Quarries - Builders - Builders & Buildings

Where: 65 km north of Aswan in Upper Egypt

Known for: Sandstone

What Remains:
– Temple stone for the Temples at Karnak, Luxor, Ramesses III’s Medinet Habu, Kom Ombo, and the Ramesseum;
– Stele from Pharaoh Amenhotep III;
– Stele from Pharaoh Seti I showing him before the Gods Amun-Re, Ptah and a Goddess;
– Stele from Pharaoh Seti I showing the Commander of troops of the fortress of the Lord of the Two Lands, named Hapi adoring the cartouche of Pharaoh;
– 2 unfinished ram-headed sphinxes or criosphinxes

“In Gebel el Silsila the quarry faces are cluttered with literally thousands of pictorial and textual representations; together they form a window of information to the ancient activity in the area and provide us with a prosopography of its workers and an idea of the ancients’ contemporary ideology.


The more complex category of representations is quarry marks, a form of graffiti that appears in abundance with some 5,000 examples, dating from the New Kingdom to early Roman Imperial times.

Engraved into the surface, the marks are all executed technically in the same way, carefully carved with a metal chisel. They are located as singulars or in linear series in all the cardinal directions and all over the full heights of the quarry faces, measuring between c. 10 cm up to sometimes 1.5 m in height.

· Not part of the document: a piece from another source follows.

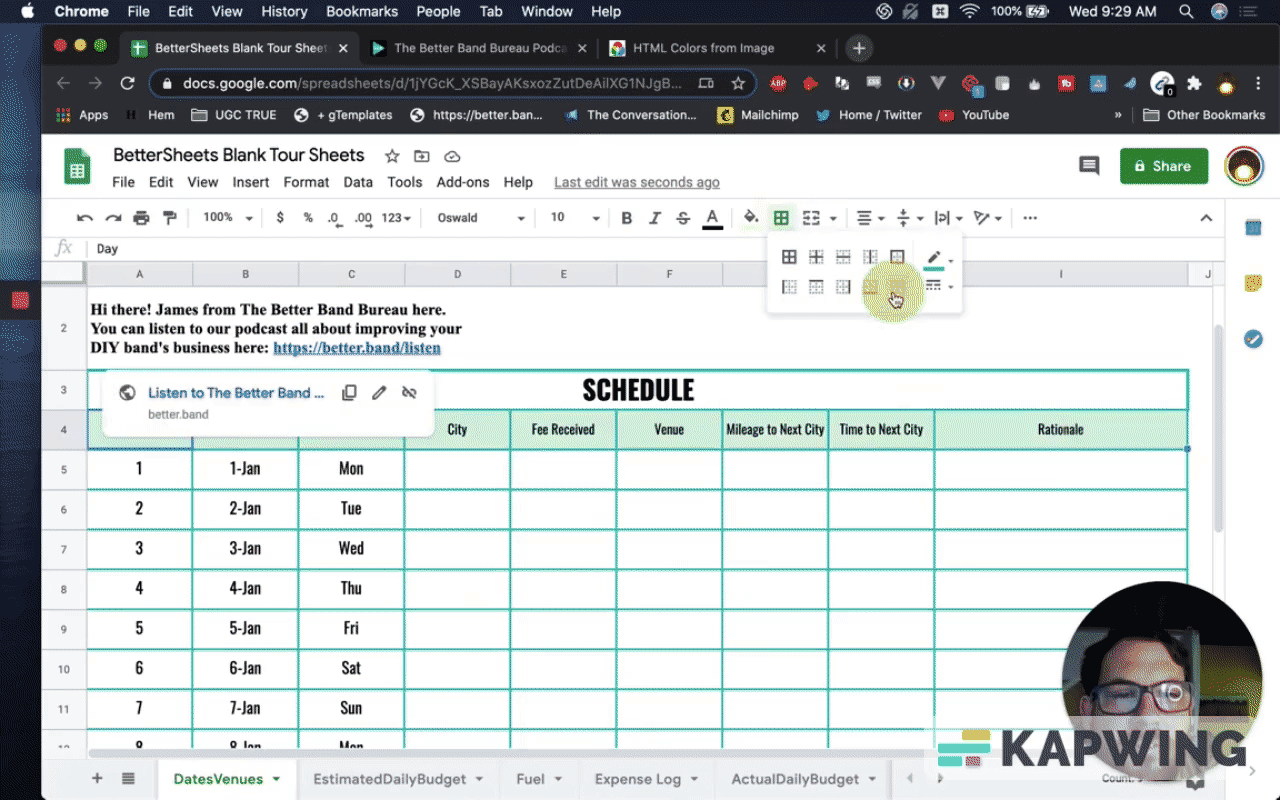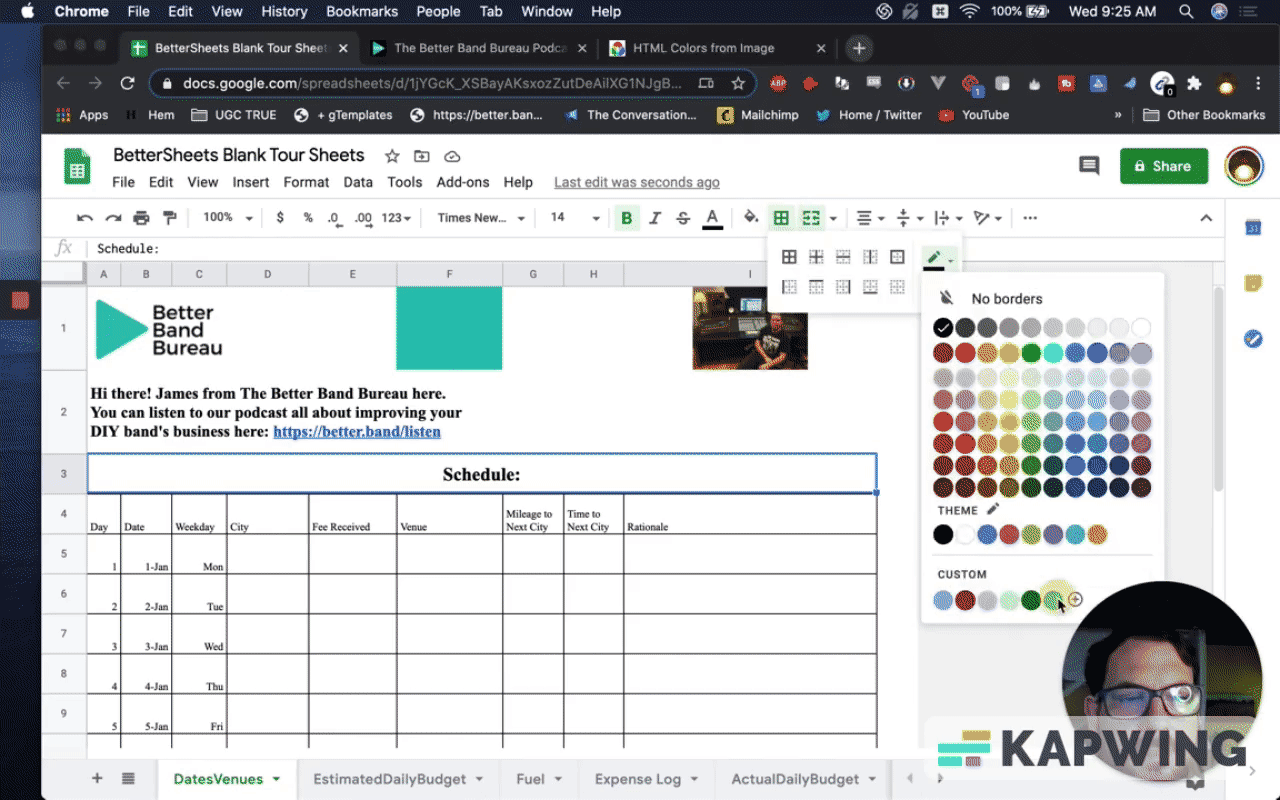 This tutorial will walk you through on how to make a schedule created with Google Sheets look better.

Their character is comparable with contemporary script systems, concrete pictograms, abstract geometrical patterns, etc. and as such they fall into the category of pseudo script or non-textual.” 

Dr Maria Nilsson: Archaeologist, Associate Professor, Lund University, Director at Gebel el Silsila Project 

How did an Ancient Egyptian Quarry work?


Step 1:
remove bad stone, dust, sand and rubble

Step 2: the Quarry Master chooses the place in the bed where the rock is intact. surface was painted with red ochre to mark the stones for cutting

Step 3: stone is cleaved from the rock face by driving in wedges. One theory is that a series of holes is then drilled along the line to be split

If Granite is the Stone being quarried, then the tools used would be made of Bronze, Copper and Corundum, which in hardness is second only to diamond, as copper tools are known not to be strong enough to work the stone alone. If it was Limestone or Sandstone, then Copper or Stone Tools were strong enough alone.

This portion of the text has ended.